Since Oklahoma voters decided to legalize medical cannabis last month, state officials have fast-tracked the creation of regulatory guidelines for the new industry which, under the voter-approved law, are required within 60 days of the election. Pushback from concerned health officials, however, now threatens to stunt the program’s effectiveness from the outset, the Associated Press reports.
Specifically, the state Board of Health voted this week to prohibit the sale of smokeable cannabis products and to establish a rule requiring dispensaries to have a pharmacist on staff. The restrictions were added despite warnings from the board’s own attorney that it could lead to legal issues.
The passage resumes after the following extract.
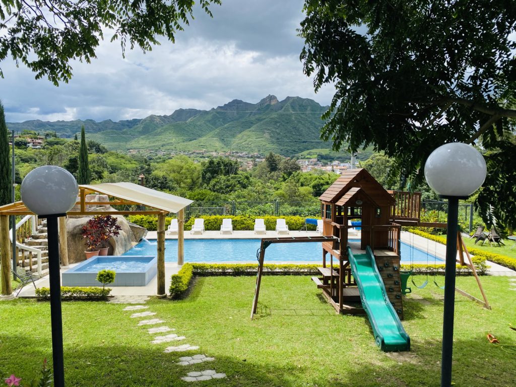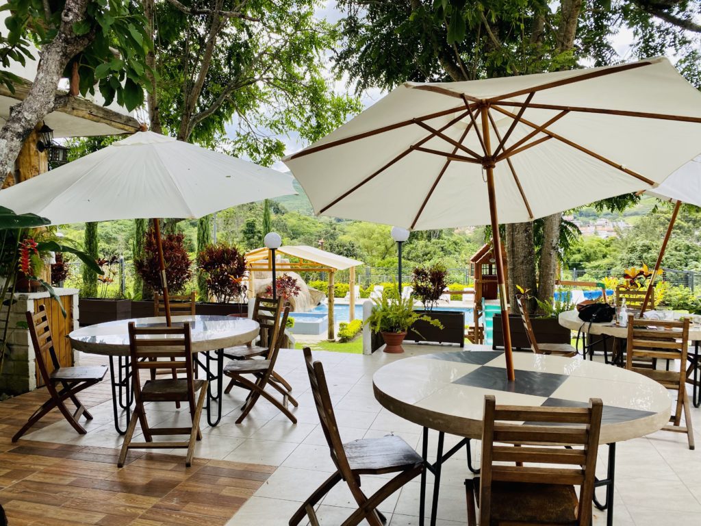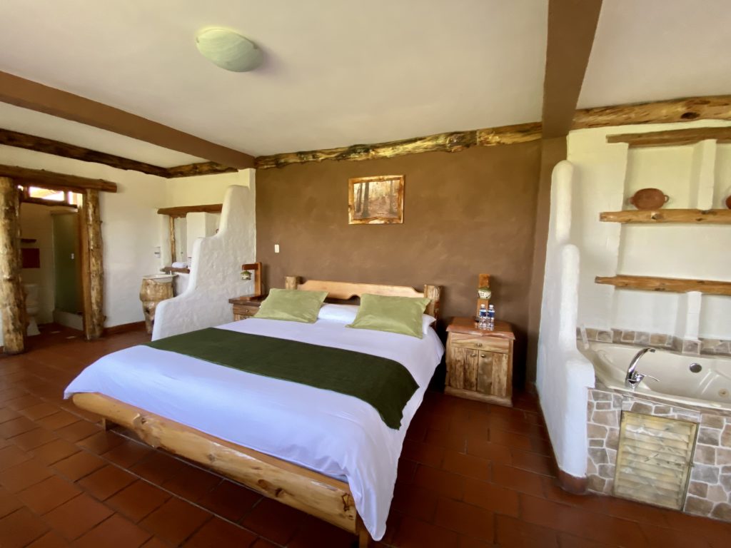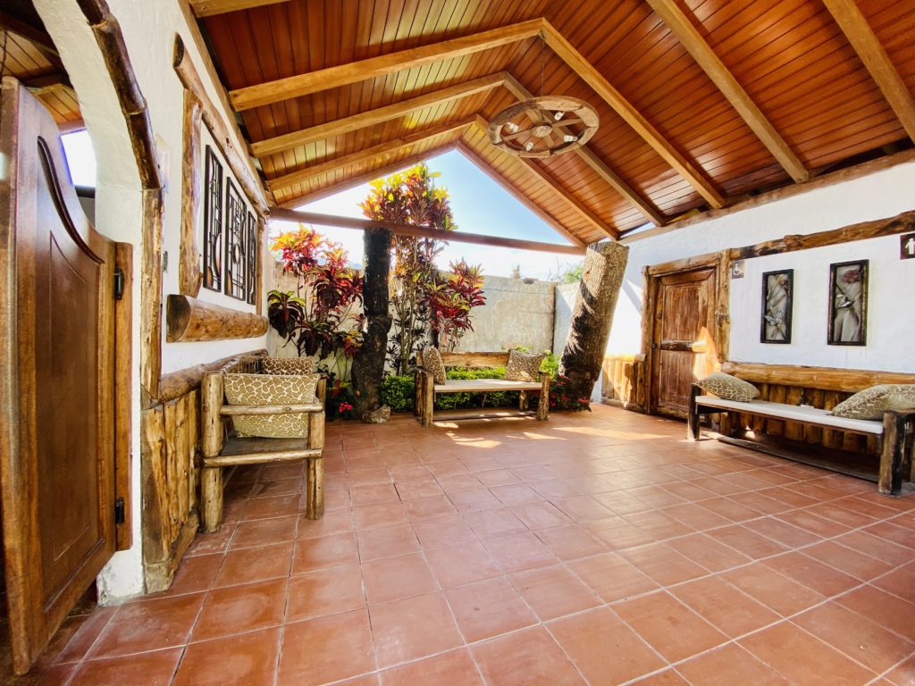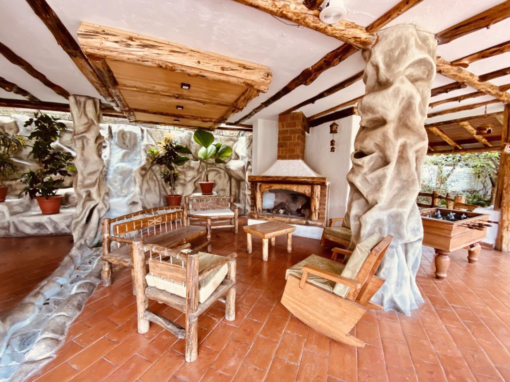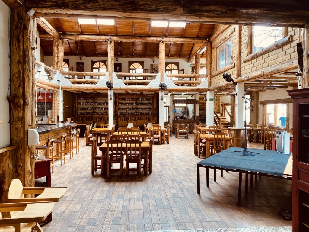 At the entrance of the property there is a public restaurant -brewery with its own heated pool (with slide and waterfall), jacuzzi, playground, a large conference room, and offices. This recreational area & restaurant (with a capacity for about 140 people) is available to patrons for day use for those guests that are not staying within the hotel. This entry operation has been functioning as a very lucrative business in addition to the hotel. Please contact Tara directly to see the past profits and numbers from this successful enterprise as well as the books of the hotel and events center. Old growth trees adorn the windows and terraces of this initial structure & have been incorporated into the building’s design (instead of being cut down). The abundance of plants, flowers and these trees decorating this entry building makes for a very inviting indoor/outdoor venue. This restaurant boasts upper balconies branching off of the indoor seating upstairs with adjoining conference rooms and offices, there is also a mid level terrace, and a large lower deck with views to the pool, gardens, and the famous Mandango mountain. Inside the restaurant there is a grand room with high ceilings, a stage, and capacity for around 65 people. A stone fireplace compliments the wooden features within this impressive and homey adobe construction. This entry business has its own large parking lot in addition to the parking for the hotel and events center behind.

Advocates have already accused the board of defying the will of voters.
“The people were clear. They wanted to be able to smoke medical marijuana. This flies in the face of what the people10 wanted.” — Former state Sen. Connie Johnson, a longtime cannabis advocate, in the report
Oklahoma‘s voter-approved medical cannabis initiative is one of the most progressive successful pieces of cannabis legislation. The program allows doctors to recommend cannabis for any condition they see fit — this is very different from most other states, where regulators establish lists of medical conditions that qualify patients to access the program.
Chip Paul, who helped author the initiative to legalize medical cannabis, said the last-minute changes were unfortunate but not a deal breaker.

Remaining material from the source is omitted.